Scikit: calculate precision and recall using cross_val_score function

Anil Narassiguin picture Anil Narassiguin · Dec 8, 2014 · Viewed 18.3k times · Source

I'm using scikit to perform a logistic regression on spam/ham data. X_train is my training data and y_train the labels('spam' or 'ham') and I trained my LogisticRegression this way:

classifier = LogisticRegression()
classifier.fit(X_train, y_train)

If I want to get the accuracies for a 10 fold cross validation, I just write:

 accuracy = cross_val_score(classifier, X_train, y_train, cv=10)

I thought it was possible to calculate also the precisions and recalls by simply adding one parameter this way:

precision = cross_val_score(classifier, X_train, y_train, cv=10, scoring='precision')
recall = cross_val_score(classifier, X_train, y_train, cv=10, scoring='recall')

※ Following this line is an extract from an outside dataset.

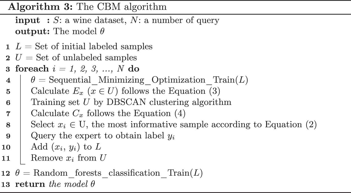 In this section, we propose three algorithms for the wine classification problem. The first algorithm denoted by Uncertainty Model (UCM) uses an uncertainty sampling approach (Algorithm 2), while the second algorithm denoted by Combined Model (CBM) is used for sampling selection (Algorithm 3). The third algorithm called Noisy Model (NSM) is used for dealing with noisy samples (Algorithm 4).
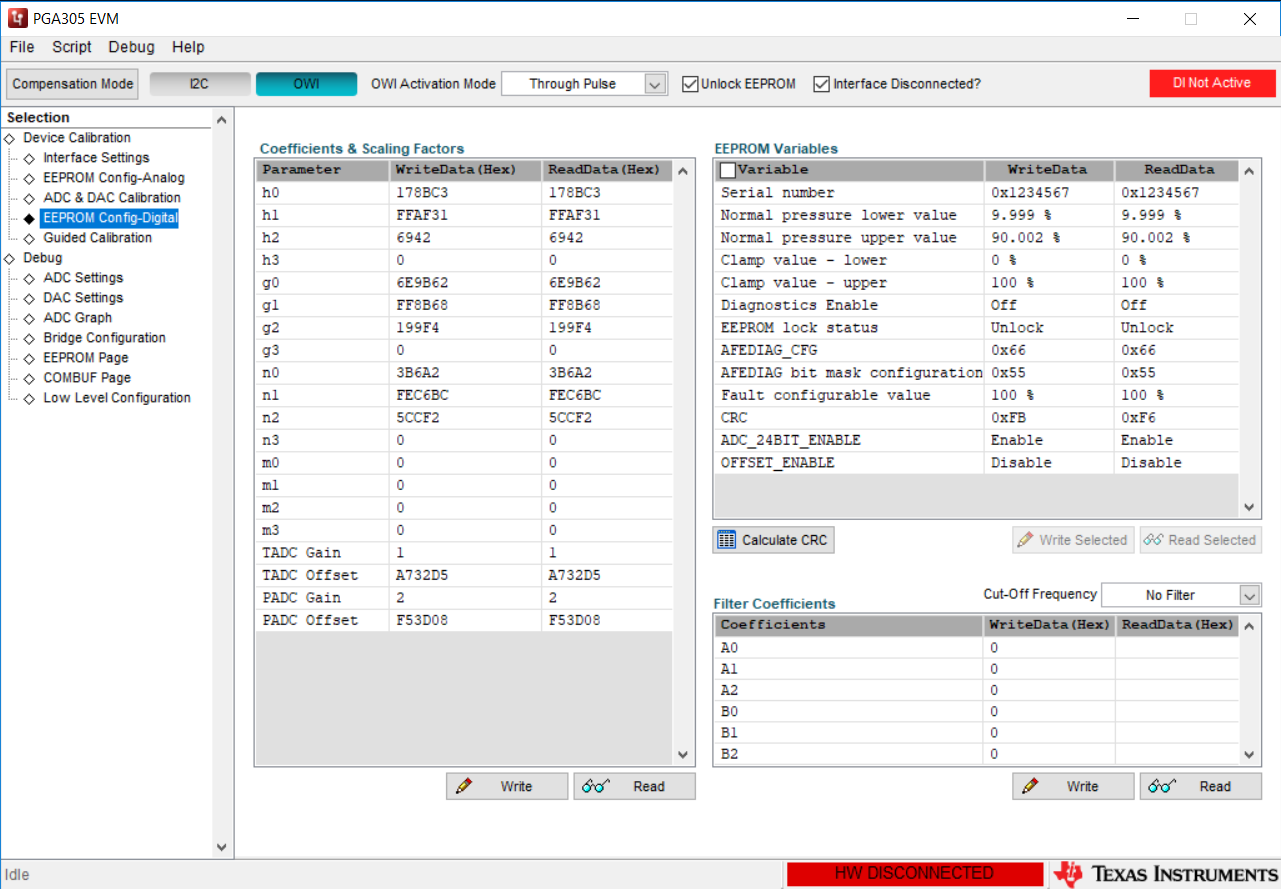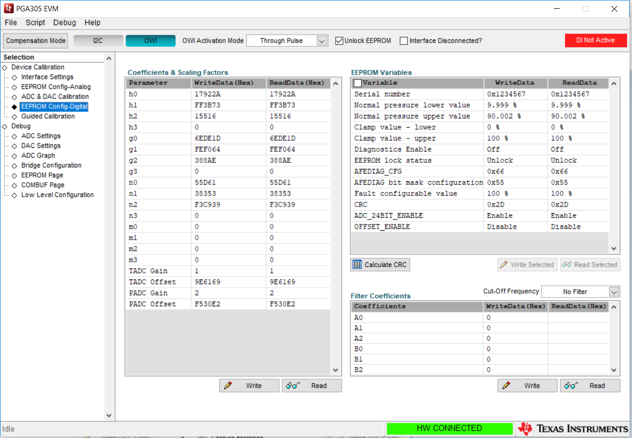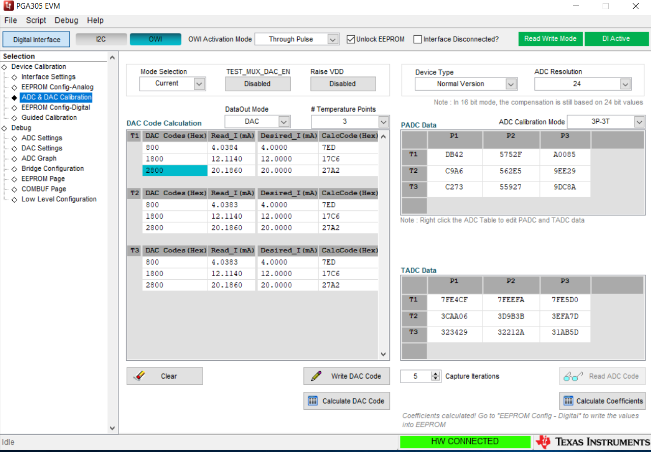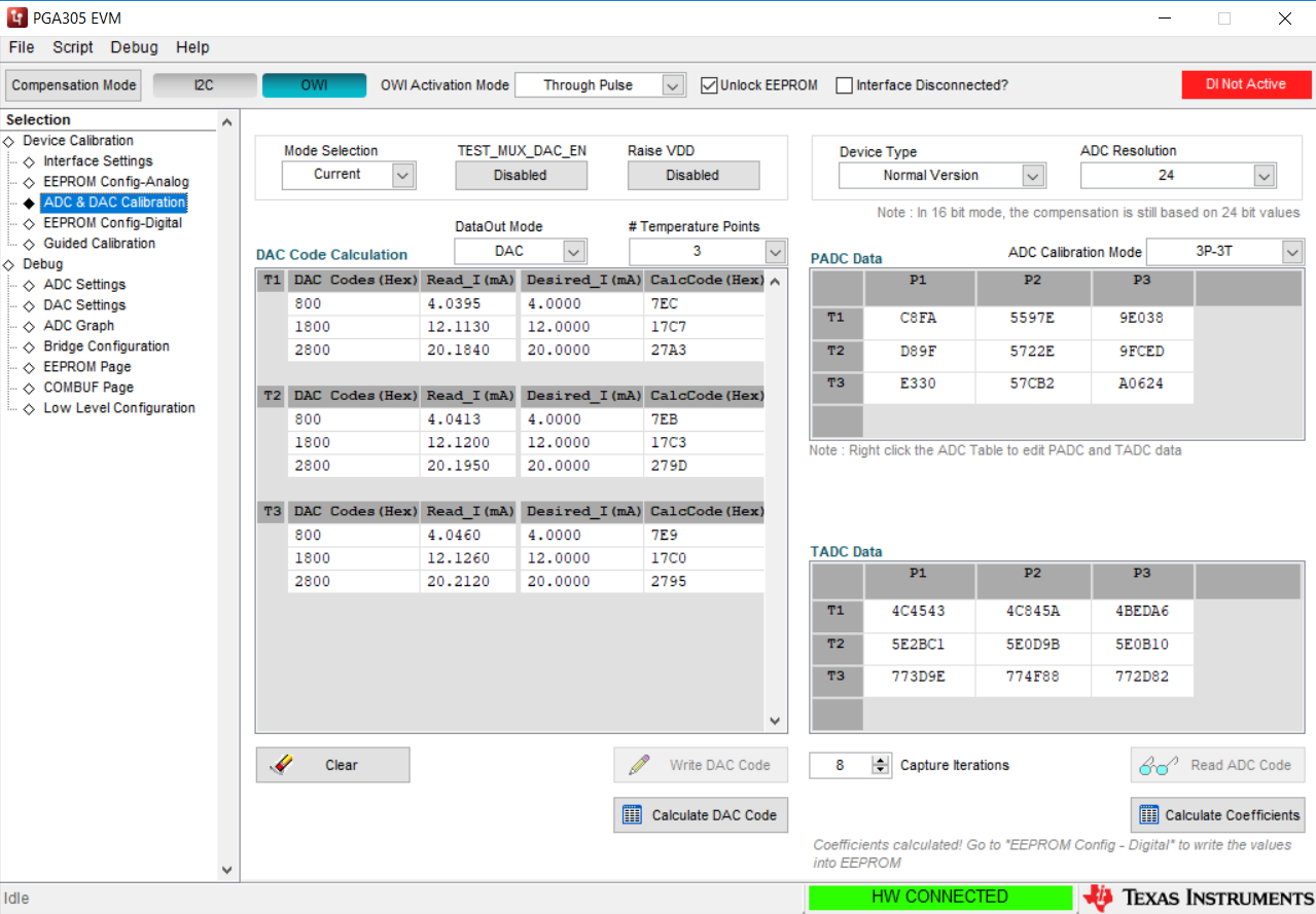 The data collected through temperature, as shown in the attachment, appears to be reasonable. However, after calculating the coefficients using the GUI and downloading to the chip, the full scale output is way off. A screen shot of the coefficients is also attached

But it results in a ValueError:

ValueError: pos_label=1 is not a valid label: array(['ham', 'spam'], dtype='|S4') 

Is it related to the data (should I binarize the labels ?) or do they change the cross_val_score function ?

Thank you in advance !

Answer

Anil Narassiguin picture Anil Narassiguin · Dec 9, 2014

To compute the recall and precision, the data has to be indeed binarized, this way:

from sklearn import preprocessing
lb = preprocessing.LabelBinarizer()
lb.fit(y_train)

To go further, i was surprised that I didn't have to binarize the data when I wanted to calculate the accuracy:

accuracy = cross_val_score(classifier, X_train, y_train, cv=10)

It's just because the accuracy formula doesn't really need information about which class is considered as positive or negative: (TP + TN) / (TP + TN + FN + FP). We can indeed see that TP and TN are exchangeable, it's not the case for recall, precision and f1.